::: Input :::

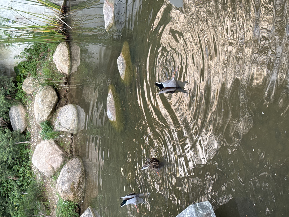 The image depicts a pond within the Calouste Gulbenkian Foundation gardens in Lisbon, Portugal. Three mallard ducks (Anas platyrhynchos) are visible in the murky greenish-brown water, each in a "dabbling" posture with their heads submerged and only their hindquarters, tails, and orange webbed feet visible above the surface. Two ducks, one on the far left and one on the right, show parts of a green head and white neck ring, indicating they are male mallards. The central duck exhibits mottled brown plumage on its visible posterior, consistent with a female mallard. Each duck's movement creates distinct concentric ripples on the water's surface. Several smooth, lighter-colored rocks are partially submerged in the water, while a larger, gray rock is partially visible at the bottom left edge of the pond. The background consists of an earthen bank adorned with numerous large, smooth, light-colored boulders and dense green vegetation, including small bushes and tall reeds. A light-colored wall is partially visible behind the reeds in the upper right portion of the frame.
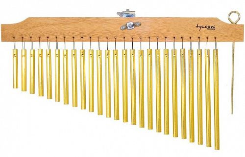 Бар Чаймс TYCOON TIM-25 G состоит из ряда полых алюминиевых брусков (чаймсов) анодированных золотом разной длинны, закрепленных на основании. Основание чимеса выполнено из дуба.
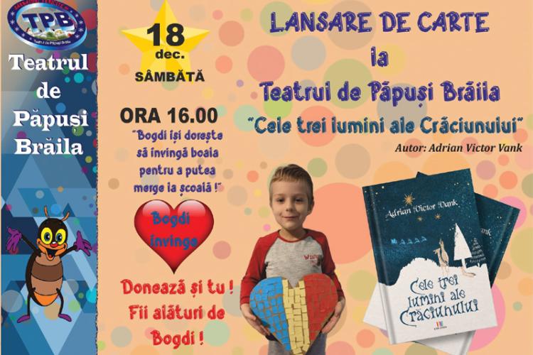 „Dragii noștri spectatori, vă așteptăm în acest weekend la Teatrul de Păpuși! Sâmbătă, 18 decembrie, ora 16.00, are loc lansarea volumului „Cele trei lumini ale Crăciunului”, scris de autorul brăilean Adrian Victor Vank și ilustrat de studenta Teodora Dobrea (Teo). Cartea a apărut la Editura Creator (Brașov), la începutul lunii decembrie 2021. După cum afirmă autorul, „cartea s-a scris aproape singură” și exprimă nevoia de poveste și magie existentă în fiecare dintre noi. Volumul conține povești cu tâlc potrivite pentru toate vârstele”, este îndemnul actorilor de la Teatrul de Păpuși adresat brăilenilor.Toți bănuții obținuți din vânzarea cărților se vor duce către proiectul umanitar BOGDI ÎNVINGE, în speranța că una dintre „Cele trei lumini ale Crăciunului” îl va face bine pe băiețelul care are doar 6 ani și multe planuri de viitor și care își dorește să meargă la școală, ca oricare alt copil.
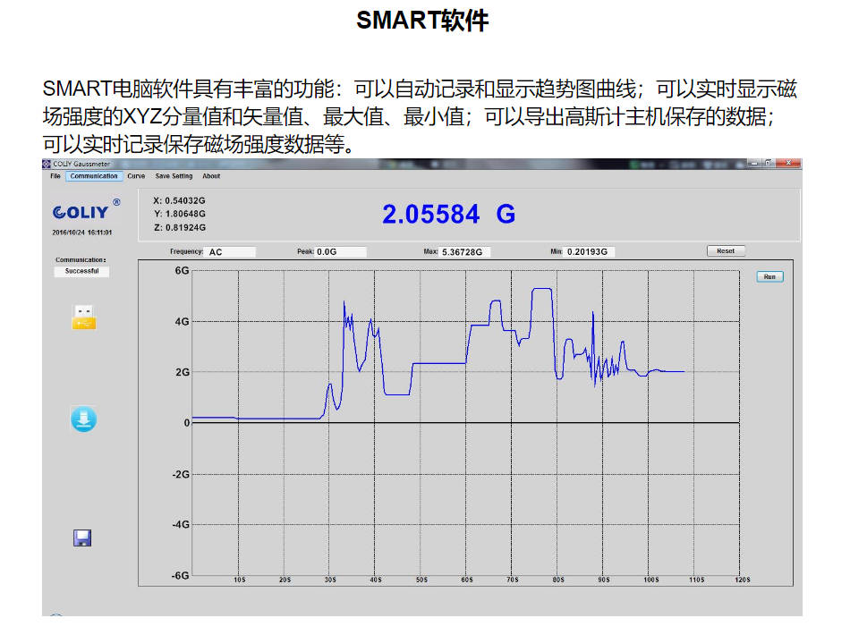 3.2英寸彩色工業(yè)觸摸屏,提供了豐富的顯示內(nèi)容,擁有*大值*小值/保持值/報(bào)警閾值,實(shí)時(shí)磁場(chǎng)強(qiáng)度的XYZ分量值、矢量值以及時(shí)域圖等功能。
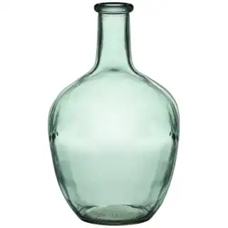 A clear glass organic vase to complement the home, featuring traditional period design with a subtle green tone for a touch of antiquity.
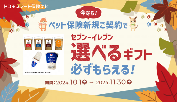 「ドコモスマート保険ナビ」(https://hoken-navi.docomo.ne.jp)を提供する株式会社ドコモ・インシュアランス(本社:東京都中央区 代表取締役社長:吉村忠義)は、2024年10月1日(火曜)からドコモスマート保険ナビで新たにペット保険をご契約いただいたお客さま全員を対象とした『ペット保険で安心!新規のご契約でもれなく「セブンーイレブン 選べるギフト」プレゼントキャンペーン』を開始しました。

:::
::: Input :::

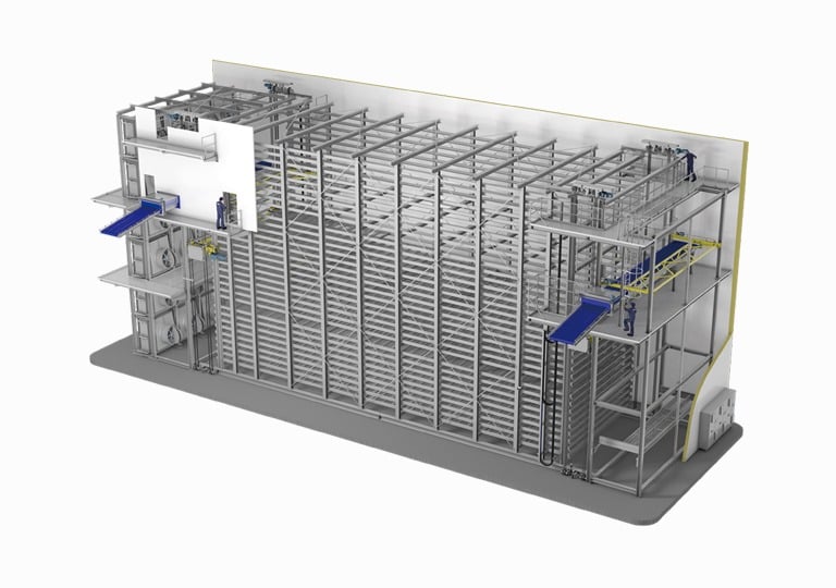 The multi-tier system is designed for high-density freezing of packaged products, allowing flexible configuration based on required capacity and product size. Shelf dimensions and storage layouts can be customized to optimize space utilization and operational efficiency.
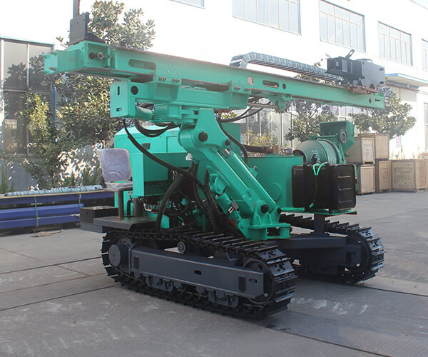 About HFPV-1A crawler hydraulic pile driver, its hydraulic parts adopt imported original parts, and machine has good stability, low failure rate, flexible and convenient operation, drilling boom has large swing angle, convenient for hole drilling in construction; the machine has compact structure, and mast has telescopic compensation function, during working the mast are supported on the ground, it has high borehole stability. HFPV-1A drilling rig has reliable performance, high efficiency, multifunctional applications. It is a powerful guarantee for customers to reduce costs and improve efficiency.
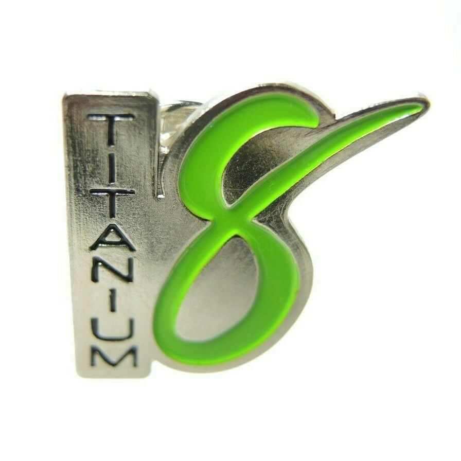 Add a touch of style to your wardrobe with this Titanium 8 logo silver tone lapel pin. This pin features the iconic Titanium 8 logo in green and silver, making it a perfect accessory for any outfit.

:::
::: Input :::

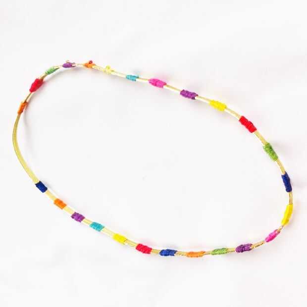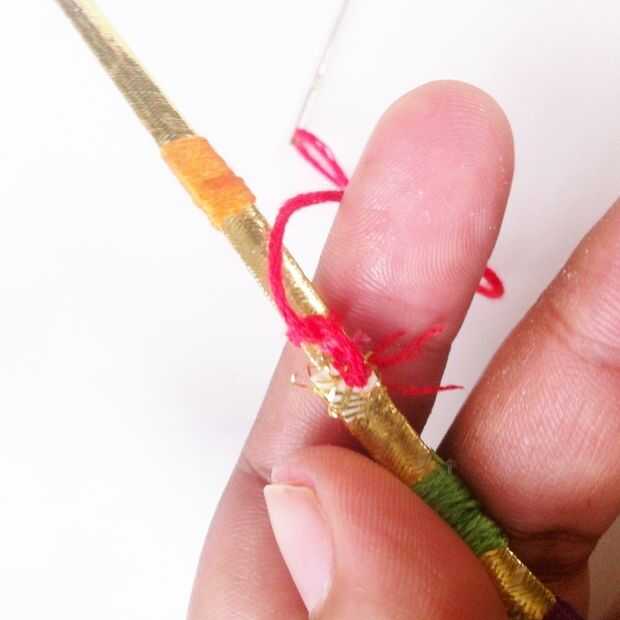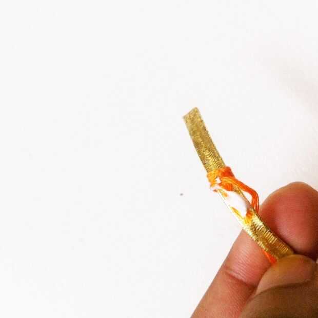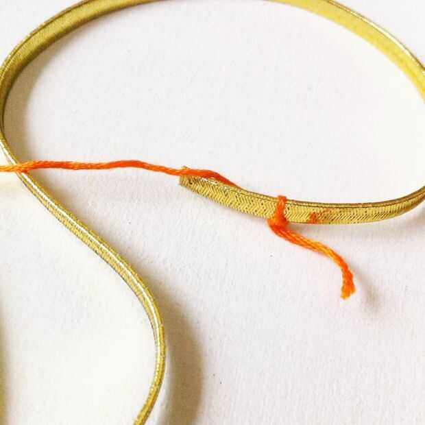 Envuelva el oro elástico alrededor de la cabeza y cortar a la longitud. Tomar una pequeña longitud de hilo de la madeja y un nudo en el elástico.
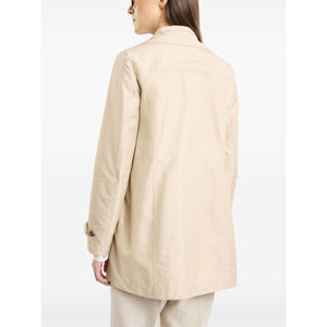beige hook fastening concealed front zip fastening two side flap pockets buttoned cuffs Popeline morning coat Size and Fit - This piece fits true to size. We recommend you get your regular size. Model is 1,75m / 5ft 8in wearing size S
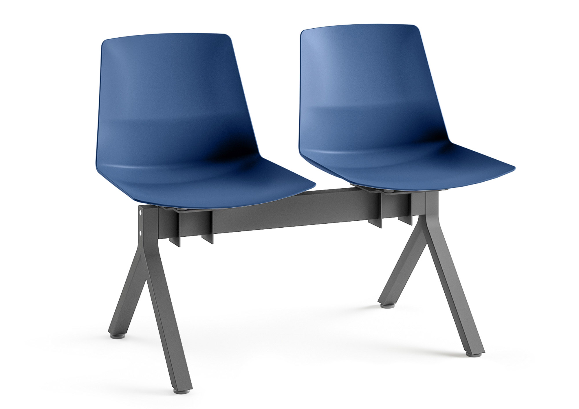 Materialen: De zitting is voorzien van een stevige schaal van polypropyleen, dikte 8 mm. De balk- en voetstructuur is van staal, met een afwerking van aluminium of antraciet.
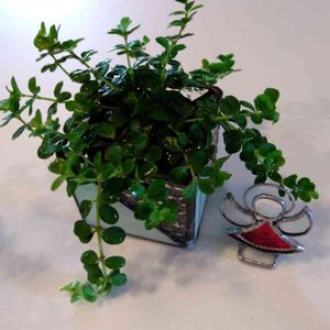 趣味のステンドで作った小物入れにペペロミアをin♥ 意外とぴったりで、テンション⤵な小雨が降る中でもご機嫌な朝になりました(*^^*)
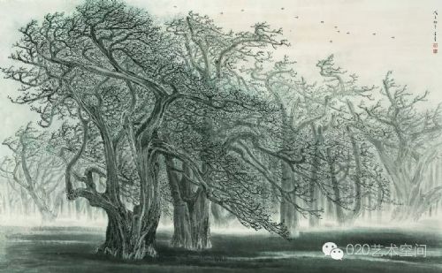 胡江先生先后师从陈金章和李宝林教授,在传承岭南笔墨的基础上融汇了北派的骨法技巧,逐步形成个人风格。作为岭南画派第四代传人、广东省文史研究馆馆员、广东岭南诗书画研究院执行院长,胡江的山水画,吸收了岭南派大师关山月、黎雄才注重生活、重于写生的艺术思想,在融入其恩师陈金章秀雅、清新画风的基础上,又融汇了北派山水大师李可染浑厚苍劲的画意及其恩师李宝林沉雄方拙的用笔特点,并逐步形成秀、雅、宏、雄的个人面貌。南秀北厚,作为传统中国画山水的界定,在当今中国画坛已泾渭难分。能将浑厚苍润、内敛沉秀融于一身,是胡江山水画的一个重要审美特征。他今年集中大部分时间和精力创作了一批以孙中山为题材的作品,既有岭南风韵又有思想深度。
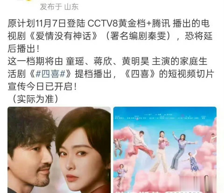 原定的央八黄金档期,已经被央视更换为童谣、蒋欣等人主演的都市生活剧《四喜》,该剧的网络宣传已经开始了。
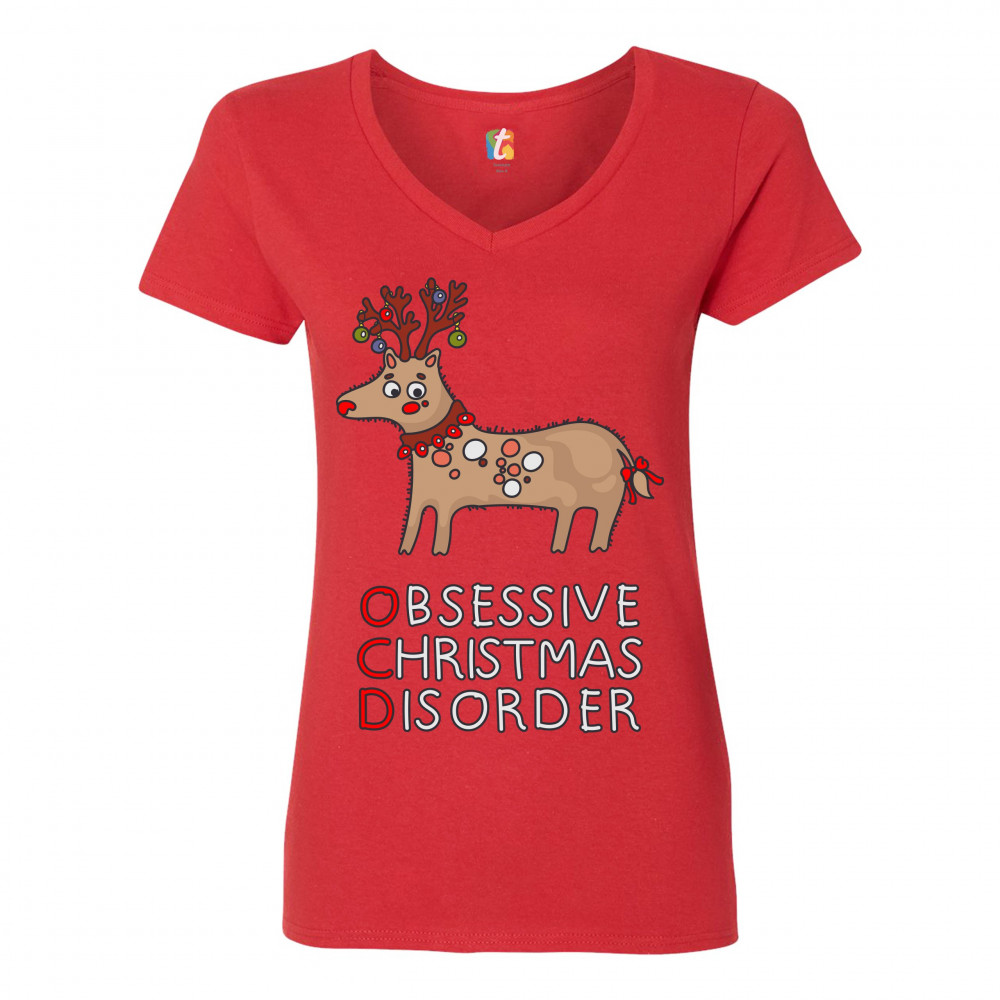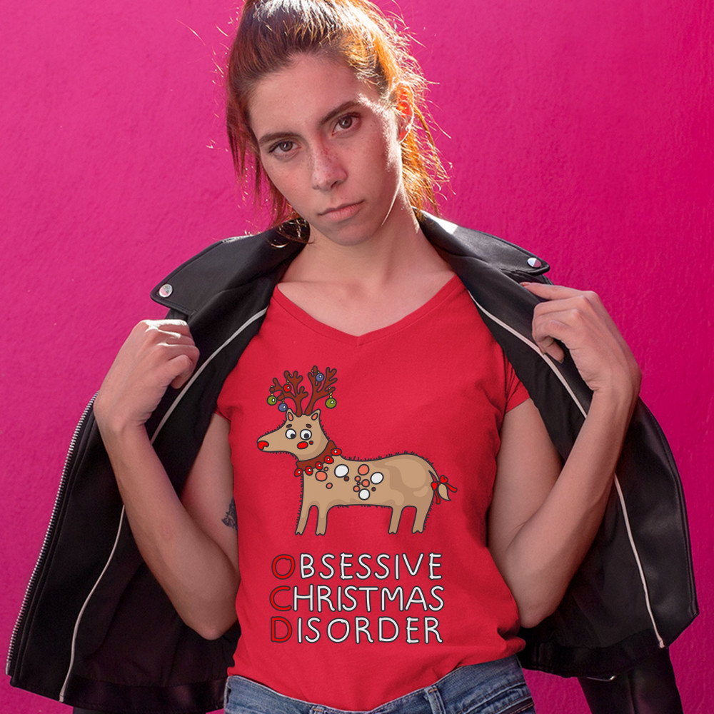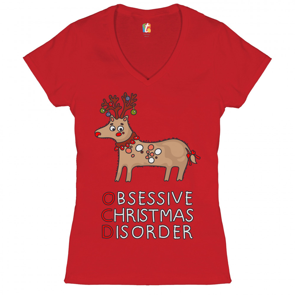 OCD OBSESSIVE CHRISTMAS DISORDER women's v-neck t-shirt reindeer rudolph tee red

:::

What the exercise asks » Between and including the line above that contains "趣味のステンドで作った小物入" and the line that contains "OCD OBSESSIVE CHRISTMAS", restate every line word for word. Pictures stay out.

Solution to this problem »
 趣味のステンドで作った小物入れにペペロミアをin♥ 意外とぴったりで、テンション⤵な小雨が降る中でもご機嫌な朝になりました(*^^*)
 胡江先生先后师从陈金章和李宝林教授,在传承岭南笔墨的基础上融汇了北派的骨法技巧,逐步形成个人风格。作为岭南画派第四代传人、广东省文史研究馆馆员、广东岭南诗书画研究院执行院长,胡江的山水画,吸收了岭南派大师关山月、黎雄才注重生活、重于写生的艺术思想,在融入其恩师陈金章秀雅、清新画风的基础上,又融汇了北派山水大师李可染浑厚苍劲的画意及其恩师李宝林沉雄方拙的用笔特点,并逐步形成秀、雅、宏、雄的个人面貌。南秀北厚,作为传统中国画山水的界定,在当今中国画坛已泾渭难分。能将浑厚苍润、内敛沉秀融于一身,是胡江山水画的一个重要审美特征。他今年集中大部分时间和精力创作了一批以孙中山为题材的作品,既有岭南风韵又有思想深度。
 原定的央八黄金档期,已经被央视更换为童谣、蒋欣等人主演的都市生活剧《四喜》,该剧的网络宣传已经开始了。
 OCD OBSESSIVE CHRISTMAS DISORDER women's v-neck t-shirt reindeer rudolph tee red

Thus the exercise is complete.